Very old critical ill patients are a rapid expanding group in the ICU. Indications for admission, triage criteria and level of care are frequently discussed for such patients. However, most relevant outcome studies in this group frequently find an increased mortality and a reduced quality of life in survivors. The main objective was to study the impact of frailty compared with other variables with regards to short-term outcome in the very old ICU population.

Methods

A transnational prospective cohort study from October 2016 to May 2017 with 30 days follow-up was set up by the European Society of Intensive Care Medicine. In total 311 ICUs from 21 European countries participated. The ICUs included the first consecutive 20 very old (≥ 80 years) patients admitted to the ICU within a 3-month inclusion period.

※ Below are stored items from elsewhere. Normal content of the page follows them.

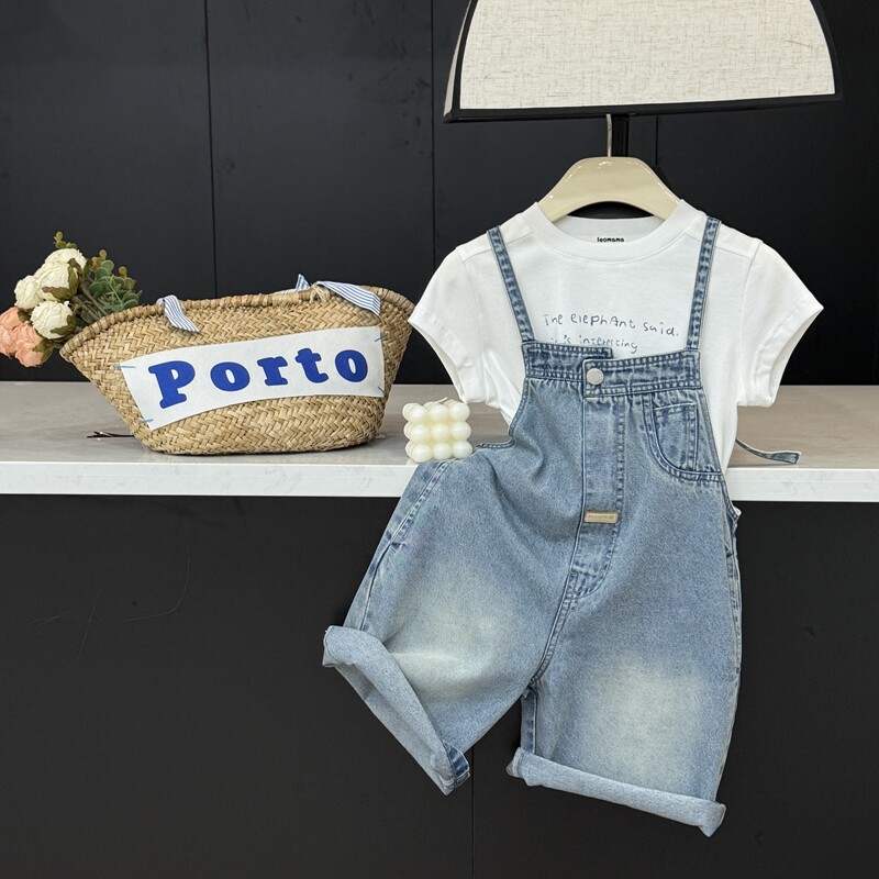 女童牛仔背带裤夏季套装2025新款洋气网红短袖中大童两件套潮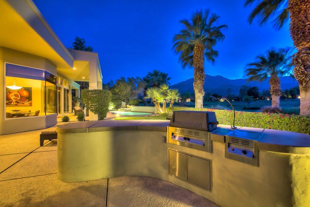 The elevated location offers both views & privacy from the golf course while you relax on 4 cushioned lounge chairs, a covered sitting area with sofa and two arm chairs with ottoman, and a built-in BBQ island with grill.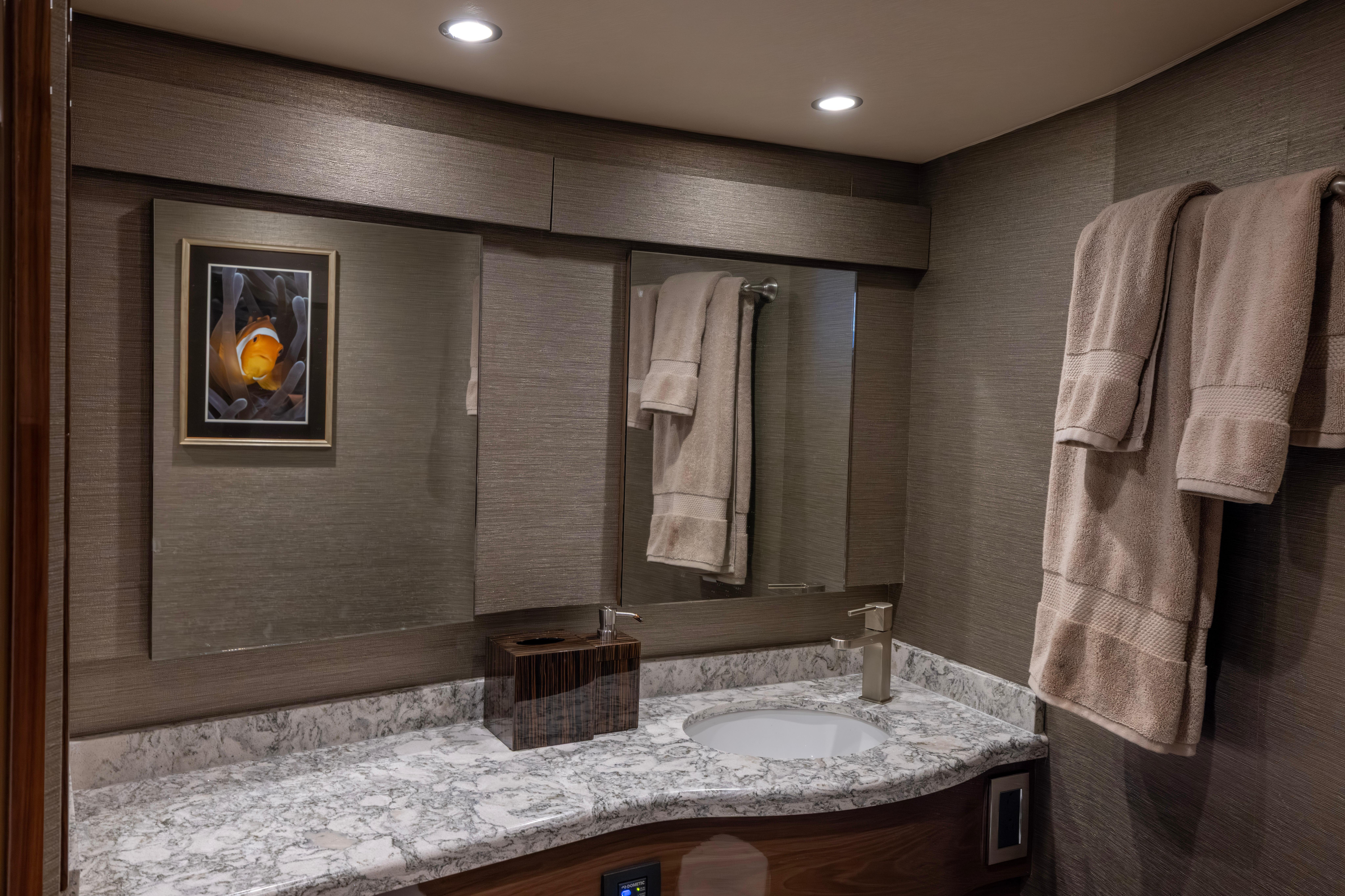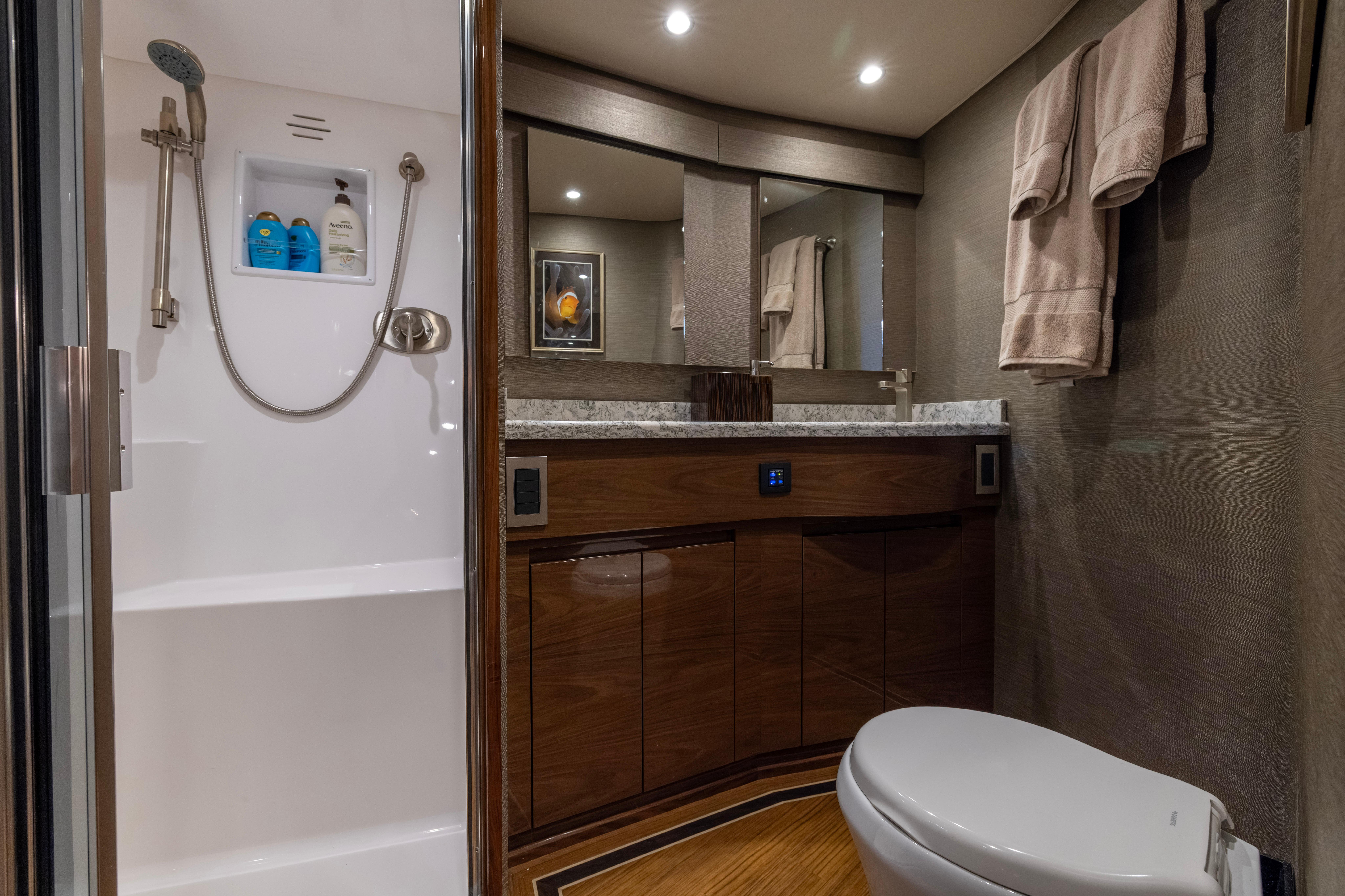 Her custom master stateroom is to port with walkaround queen berth and VIP Island queen berth forward. There is a custom oversized head with twin vanities and additional glass added to shower stall. The galley and salon area is also custom with galley, L-Shaped sofa and TV. Forward of sofa is a custom walk in tackle room that you would find on an 80' Viking.

Frailty, SOFA score and therapeutic procedures were registered, in addition to limitations of care. For measurement of frailty the Clinical Frailty Scale was used at ICU admission. The main outcomes were ICU and 30-day mortality and survival at 30 days.

Results

A total of 5021 patients with a median age of 84 years (IQR 81–86 years) were included in the final analysis, 2404 (47.9%) were women. Admission was classified as acute in 4215 (83.9%) of the patients. Overall ICU and 30-day mortality rates were 22.1% and 32.6%. During ICU stay 23.8% of the patients did not receive specific ICU procedures: ventilation, vasoactive drugs or renal replacement therapy. Frailty (values ≥ 5) was found in 43.1% and was independently related to 30-day survival (HR 1.54; 95% CI 1.38–1.73) for frail versus non-frail.

Conclusions

Among very old patients (≥ 80 years) admitted to the ICU, the consecutive classes in Clinical Frailty Scale were inversely associated with short-term survival. The scale had a very low number of missing data. These findings provide support to add frailty to the clinical assessment in this patient group.

Trial registration

ClinicalTrials.gov (ID: NCT03134807).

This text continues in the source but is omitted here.